2005-03-22 Thread SourceForge.net
Bugs item #569316, was opened at 2002-06-15 05:53
Message generated for change (Comment added) made by facundobatista
You can respond by visiting: 
https://sourceforge.net/tracker/?func=detail&atid=105470&aid=569316&group_id=5470

Category: Python Library
Group: Python 2.2.1
>Status: Closed
>Resolution: Wont Fix
Priority: 5
Submitted By: Steve Pike (oztourer)
Assigned to: Nobody/Anonymous (nobody)
Summary: cgi.py broken with xmlrpclib on Python 2

Initial Comment:
Given a web application which accepts both normal 
HTTP requests and XML-RPC requests, it is 
reasonable for that program to assume it can create a 
cgi.FieldStorage instance in either case. This works 
fine in Python 1.5.2 but causes exceptions in Python 
2.x.x when using the created FieldStorage. This is due 
to the content-type header generated by xmlrpclib.py 
('text/xml') being unrecognised in cgi.py, as a result of 
which no FieldStorage.list is created.

One solution is to reinstate some code in cgi.py from 
the 1.5.2 release, at the end of method __init__, after 
removing the current final two lines:

#else:
#self.read_single()
# SP 2002/6/15: The following code is taken 
from the Python 1.5.2 version
# of cgi.py, as incoming xmlrpclib requests 
otherwise do not cause 'list'
# to be set up correctly.
elif self.outerboundary:
# we're in an inner part, but the content-type 
wasn't something we
# understood.  default to read_single() 
because the resulting
# FieldStorage won't be a mapping (and 
doesn't need to be).
self.read_single()
else:
# we're in an outer part, but the content-type 
wasn't something we
# understood.  we still want the resulting 
FieldStorage to be a
# mapping, so parse it as if it were urlencoded
self.read_urlencoded()


--

Comment By: Facundo Batista (facundobatista)
Date: 2005-03-22 19:09

Message:
Logged In: YES 
user_id=752496

Deprecated.
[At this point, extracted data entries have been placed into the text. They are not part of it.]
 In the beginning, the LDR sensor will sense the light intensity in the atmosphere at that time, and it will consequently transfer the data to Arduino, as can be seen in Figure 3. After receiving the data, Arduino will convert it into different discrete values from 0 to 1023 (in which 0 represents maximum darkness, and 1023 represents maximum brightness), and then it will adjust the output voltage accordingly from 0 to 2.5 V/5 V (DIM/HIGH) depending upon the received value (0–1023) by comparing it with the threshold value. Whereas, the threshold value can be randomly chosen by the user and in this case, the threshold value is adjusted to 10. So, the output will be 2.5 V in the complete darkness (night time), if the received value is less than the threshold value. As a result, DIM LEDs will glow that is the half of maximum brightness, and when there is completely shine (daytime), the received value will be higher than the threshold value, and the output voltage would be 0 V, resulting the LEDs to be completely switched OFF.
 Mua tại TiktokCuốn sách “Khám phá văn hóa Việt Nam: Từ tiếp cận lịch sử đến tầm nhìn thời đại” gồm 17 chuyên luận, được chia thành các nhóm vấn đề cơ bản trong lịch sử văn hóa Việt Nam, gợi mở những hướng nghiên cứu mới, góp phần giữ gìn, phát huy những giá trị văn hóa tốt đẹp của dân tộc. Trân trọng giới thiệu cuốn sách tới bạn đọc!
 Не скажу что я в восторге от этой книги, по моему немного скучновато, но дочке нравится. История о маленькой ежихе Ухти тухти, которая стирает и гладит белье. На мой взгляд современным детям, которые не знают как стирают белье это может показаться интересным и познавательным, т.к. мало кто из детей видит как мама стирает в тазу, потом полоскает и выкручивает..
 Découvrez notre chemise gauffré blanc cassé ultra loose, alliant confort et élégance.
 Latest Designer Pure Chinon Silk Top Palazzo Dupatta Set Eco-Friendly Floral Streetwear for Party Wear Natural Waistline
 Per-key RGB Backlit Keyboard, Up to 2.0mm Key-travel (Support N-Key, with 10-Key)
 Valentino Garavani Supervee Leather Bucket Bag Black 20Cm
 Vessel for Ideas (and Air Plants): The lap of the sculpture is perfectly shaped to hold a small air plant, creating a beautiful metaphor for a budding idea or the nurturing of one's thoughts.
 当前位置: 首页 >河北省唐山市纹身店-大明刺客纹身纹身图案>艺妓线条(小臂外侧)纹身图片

Reopen only if still happens in 2.3 or newer. 

.Facundo

--

Comment By: Facundo Batista (facundobatista)
Date: 2004-11-30 23:08

Message:
Logged In: YES 
user_id=752496

Please, could you verify if this problem persists in Python 2.3.4
or 2.4?

If yes, in which version? Can you provide a test case?

If the problem is solved, from which version?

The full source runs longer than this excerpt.